30

A simply example of numpy indexing:

In: a = numpy.arange(10)
In: sel_id = numpy.arange(5)
In: a[sel_id]
Out: array([0,1,2,3,4])

How do I return the rest of the array that are not indexed by sel_id? What I can think of is:

In: numpy.array([x for x in a if x not in a[id]])
out: array([5,6,7,8,9])

Is there any easier way?

3
  • Is this a 1-time operation?
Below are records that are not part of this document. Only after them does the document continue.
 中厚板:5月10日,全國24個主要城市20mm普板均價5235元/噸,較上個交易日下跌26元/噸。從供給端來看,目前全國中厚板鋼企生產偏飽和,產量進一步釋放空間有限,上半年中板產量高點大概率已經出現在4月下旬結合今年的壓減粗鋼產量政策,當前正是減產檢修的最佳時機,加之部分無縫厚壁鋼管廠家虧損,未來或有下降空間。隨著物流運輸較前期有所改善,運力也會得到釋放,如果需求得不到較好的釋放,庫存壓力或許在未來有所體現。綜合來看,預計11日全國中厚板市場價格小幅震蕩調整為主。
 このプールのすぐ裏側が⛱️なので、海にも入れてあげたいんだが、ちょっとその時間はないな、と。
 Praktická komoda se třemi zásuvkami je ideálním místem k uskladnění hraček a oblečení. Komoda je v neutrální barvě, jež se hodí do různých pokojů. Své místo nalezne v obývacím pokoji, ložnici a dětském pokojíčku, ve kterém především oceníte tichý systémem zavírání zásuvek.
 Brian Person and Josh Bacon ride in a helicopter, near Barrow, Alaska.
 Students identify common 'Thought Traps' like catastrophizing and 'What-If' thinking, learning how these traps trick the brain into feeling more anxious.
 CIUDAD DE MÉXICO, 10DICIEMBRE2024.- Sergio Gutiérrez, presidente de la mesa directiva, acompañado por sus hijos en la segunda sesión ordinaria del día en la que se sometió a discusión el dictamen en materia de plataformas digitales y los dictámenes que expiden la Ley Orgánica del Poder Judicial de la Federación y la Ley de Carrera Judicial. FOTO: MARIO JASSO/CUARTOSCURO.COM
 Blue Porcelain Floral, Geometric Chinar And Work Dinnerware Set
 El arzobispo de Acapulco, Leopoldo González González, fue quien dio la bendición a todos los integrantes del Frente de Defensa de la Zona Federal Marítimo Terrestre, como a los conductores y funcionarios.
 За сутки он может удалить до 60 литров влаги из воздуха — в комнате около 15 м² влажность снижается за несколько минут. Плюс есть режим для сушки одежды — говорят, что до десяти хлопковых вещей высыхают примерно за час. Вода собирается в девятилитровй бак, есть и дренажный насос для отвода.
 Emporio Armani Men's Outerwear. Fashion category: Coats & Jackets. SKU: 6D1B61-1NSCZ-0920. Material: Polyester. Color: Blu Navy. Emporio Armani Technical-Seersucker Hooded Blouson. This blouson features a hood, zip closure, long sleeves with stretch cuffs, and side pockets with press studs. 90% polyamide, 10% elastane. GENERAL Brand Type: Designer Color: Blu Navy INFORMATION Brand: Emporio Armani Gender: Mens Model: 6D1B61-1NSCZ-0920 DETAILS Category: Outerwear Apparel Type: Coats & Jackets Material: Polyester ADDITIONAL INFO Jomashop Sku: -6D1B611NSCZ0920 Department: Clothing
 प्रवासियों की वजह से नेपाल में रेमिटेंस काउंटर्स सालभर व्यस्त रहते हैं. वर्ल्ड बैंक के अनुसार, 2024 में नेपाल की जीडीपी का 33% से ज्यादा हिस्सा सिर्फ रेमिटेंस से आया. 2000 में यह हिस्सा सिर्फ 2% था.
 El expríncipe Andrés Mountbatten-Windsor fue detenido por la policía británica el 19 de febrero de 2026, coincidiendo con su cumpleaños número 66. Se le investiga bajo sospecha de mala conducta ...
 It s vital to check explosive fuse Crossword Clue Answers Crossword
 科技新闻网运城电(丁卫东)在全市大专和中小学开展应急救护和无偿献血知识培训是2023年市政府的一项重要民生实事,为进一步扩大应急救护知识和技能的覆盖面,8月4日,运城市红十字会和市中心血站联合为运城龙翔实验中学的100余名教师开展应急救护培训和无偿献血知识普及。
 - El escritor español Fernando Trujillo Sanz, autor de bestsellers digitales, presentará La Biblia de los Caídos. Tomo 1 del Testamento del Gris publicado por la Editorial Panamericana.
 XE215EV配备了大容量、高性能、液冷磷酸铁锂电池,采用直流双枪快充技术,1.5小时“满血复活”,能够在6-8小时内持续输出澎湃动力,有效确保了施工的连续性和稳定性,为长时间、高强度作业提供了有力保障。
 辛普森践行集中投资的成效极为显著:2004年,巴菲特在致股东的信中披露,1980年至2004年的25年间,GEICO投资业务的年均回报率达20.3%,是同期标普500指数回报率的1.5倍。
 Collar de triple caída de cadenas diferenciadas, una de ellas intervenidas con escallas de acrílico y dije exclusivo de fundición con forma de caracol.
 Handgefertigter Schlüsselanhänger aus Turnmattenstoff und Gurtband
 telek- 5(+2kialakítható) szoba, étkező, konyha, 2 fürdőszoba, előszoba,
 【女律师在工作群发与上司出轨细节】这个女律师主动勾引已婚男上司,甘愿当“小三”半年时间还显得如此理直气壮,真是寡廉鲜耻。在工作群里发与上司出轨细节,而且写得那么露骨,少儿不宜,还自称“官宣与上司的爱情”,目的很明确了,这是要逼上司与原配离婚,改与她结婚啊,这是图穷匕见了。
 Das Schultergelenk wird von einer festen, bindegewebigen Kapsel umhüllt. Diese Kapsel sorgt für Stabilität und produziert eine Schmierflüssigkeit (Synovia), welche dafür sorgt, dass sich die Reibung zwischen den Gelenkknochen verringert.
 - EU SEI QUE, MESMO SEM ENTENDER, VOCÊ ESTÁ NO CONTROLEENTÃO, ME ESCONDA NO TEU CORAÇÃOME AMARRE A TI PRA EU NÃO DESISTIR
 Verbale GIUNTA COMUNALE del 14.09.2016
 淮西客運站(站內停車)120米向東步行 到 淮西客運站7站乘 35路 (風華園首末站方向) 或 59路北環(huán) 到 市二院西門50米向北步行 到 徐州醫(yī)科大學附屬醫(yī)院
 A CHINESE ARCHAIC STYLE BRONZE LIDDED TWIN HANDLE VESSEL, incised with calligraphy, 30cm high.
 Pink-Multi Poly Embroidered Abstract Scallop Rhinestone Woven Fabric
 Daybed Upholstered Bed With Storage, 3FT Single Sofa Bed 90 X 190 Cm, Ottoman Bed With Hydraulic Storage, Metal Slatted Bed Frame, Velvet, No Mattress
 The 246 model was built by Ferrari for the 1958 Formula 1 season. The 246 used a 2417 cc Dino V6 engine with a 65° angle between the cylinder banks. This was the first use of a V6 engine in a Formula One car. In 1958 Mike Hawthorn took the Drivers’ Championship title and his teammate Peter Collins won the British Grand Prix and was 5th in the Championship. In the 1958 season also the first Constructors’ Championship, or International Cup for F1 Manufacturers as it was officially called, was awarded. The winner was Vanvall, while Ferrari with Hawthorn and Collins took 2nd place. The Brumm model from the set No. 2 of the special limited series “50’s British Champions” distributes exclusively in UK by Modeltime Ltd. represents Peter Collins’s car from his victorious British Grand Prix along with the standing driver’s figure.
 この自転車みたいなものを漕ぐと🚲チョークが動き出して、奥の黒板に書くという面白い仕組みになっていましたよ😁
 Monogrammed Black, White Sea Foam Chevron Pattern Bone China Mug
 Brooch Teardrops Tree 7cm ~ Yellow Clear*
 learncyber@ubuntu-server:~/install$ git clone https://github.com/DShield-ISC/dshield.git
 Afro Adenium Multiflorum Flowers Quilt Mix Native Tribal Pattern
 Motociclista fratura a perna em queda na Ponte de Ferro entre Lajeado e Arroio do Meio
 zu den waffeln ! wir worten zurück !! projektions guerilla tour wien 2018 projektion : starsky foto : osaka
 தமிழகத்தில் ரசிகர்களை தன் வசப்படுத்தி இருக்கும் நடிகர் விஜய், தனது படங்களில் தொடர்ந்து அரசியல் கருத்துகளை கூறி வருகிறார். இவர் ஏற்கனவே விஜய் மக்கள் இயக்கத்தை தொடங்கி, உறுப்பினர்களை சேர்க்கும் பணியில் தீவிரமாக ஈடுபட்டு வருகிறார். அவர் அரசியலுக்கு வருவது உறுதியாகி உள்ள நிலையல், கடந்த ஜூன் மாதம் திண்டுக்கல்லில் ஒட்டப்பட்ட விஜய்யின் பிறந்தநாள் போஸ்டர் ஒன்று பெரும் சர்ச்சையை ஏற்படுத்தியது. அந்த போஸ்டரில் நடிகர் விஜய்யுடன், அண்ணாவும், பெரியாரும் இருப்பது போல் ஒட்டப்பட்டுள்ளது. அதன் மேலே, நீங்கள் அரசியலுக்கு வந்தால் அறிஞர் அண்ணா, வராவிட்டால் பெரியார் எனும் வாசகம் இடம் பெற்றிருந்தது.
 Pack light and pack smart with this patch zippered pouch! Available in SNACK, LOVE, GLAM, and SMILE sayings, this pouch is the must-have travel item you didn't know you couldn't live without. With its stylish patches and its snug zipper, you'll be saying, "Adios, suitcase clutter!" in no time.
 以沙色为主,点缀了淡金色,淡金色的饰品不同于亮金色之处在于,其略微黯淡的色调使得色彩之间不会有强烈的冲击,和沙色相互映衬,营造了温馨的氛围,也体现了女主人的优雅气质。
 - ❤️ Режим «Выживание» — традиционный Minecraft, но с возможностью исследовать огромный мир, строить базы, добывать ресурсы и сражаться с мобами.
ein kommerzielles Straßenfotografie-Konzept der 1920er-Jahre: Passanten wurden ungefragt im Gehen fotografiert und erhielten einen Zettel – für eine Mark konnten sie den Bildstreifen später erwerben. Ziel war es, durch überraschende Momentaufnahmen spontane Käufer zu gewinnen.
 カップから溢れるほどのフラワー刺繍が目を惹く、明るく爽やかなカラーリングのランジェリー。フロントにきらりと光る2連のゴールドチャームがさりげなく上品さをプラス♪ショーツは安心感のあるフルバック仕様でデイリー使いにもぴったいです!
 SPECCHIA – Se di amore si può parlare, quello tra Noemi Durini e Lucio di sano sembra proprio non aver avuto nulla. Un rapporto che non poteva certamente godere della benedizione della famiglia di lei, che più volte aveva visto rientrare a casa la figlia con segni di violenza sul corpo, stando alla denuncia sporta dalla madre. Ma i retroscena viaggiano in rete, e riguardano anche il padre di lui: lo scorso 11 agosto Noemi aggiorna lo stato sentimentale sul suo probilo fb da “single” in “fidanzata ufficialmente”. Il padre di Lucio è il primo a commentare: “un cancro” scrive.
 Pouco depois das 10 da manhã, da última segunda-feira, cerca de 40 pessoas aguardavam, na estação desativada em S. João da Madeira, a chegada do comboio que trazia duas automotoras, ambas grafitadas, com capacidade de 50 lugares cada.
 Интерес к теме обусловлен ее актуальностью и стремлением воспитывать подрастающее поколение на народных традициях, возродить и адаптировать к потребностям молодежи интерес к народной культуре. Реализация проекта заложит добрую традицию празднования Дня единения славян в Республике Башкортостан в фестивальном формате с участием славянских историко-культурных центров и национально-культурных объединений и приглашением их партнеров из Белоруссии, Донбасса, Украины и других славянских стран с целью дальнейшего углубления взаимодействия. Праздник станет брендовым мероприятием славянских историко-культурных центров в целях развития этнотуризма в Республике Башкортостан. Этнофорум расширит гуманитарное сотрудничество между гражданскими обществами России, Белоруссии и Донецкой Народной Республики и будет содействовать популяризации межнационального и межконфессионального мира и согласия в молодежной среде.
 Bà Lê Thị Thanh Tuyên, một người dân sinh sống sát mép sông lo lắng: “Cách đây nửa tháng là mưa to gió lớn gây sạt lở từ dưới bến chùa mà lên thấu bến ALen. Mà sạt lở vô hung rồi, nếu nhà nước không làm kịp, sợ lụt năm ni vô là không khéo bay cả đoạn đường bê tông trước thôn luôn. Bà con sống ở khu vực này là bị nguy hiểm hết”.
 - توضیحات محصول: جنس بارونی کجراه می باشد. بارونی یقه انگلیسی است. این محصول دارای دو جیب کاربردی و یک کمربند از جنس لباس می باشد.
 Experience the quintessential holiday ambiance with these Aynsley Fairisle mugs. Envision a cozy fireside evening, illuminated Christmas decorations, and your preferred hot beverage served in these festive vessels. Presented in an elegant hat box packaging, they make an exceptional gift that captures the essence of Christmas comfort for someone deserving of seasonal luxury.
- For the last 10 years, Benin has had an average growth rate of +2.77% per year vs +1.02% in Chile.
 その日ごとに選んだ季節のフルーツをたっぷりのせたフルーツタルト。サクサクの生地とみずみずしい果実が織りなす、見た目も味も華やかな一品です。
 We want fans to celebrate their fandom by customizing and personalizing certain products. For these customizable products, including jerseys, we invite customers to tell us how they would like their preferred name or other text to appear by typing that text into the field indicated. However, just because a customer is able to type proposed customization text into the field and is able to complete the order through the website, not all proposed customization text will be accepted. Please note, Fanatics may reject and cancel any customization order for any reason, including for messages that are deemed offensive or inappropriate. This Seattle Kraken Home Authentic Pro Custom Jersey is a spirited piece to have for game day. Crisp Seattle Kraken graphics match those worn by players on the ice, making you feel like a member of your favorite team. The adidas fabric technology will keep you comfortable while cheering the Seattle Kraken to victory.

Or will you be reusing sel_id (and it's negation) down the road? Also, are you interested in the multi-dimensional case, or just the 1D case? Commented Sep 20, 2012 at 17:58
  • In my application, it will be operated on a multi-dimensional massive array, and yes I will reuse sel_id. Commented Sep 21, 2012 at 19:56
  • Just realized my solution above is WRONG. If it is an array of ten 1's then the given code will give a None array instead of an array of five 1's. Commented Sep 21, 2012 at 20:10

8 Answers 8

21

For this simple 1D case, I'd actually use a boolean mask:

a = numpy.arange(10)
include_index = numpy.arange(4)
include_idx = set(include_index)  #Set is more efficient, but doesn't reorder your elements if that is desireable
mask = numpy.array([(i in include_idx) for i in xrange(len(a))])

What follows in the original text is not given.